• **Data excerpt**
--- --- ---
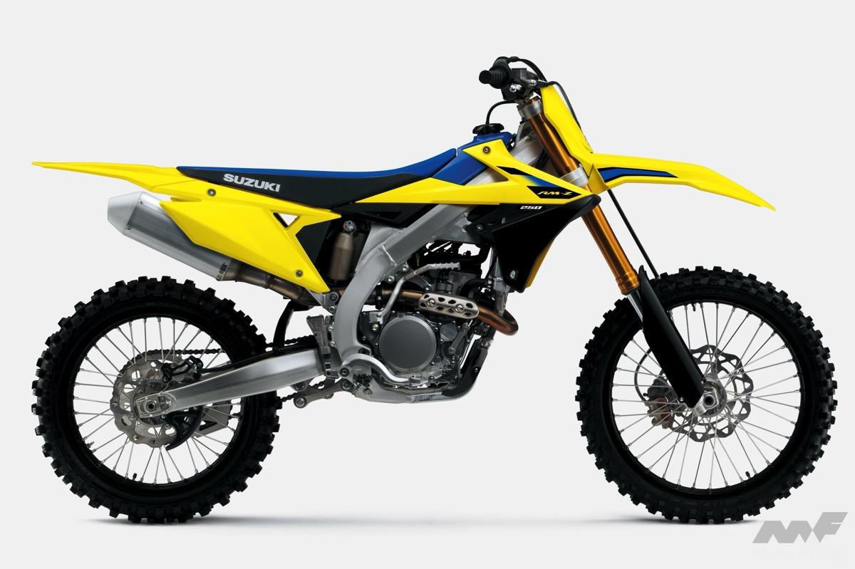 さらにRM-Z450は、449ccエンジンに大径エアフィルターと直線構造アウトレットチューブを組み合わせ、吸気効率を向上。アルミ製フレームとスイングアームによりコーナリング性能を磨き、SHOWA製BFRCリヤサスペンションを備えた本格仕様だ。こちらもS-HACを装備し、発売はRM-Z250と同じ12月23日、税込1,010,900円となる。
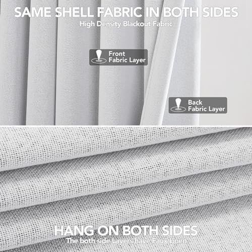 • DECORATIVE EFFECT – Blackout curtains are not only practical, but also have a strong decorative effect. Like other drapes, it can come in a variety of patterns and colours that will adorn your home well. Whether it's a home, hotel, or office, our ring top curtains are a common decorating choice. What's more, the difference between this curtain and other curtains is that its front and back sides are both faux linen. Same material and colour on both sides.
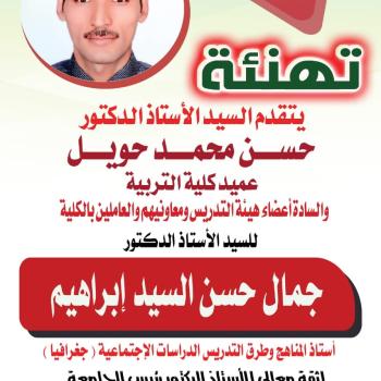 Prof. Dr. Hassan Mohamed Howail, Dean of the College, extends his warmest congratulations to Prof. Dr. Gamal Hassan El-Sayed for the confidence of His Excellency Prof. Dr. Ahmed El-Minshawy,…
--- --- ---
• **What you will do**
A word-for-word retyping of the material above is expected, without pictures.

• **Result**
 さらにRM-Z450は、449ccエンジンに大径エアフィルターと直線構造アウトレットチューブを組み合わせ、吸気効率を向上。アルミ製フレームとスイングアームによりコーナリング性能を磨き、SHOWA製BFRCリヤサスペンションを備えた本格仕様だ。こちらもS-HACを装備し、発売はRM-Z250と同じ12月23日、税込1,010,900円となる。
 • DECORATIVE EFFECT – Blackout curtains are not only practical, but also have a strong decorative effect. Like other drapes, it can come in a variety of patterns and colours that will adorn your home well. Whether it's a home, hotel, or office, our ring top curtains are a common decorating choice. What's more, the difference between this curtain and other curtains is that its front and back sides are both faux linen. Same material and colour on both sides.
 Prof. Dr. Hassan Mohamed Howail, Dean of the College, extends his warmest congratulations to Prof. Dr. Gamal Hassan El-Sayed for the confidence of His Excellency Prof. Dr. Ahmed El-Minshawy,…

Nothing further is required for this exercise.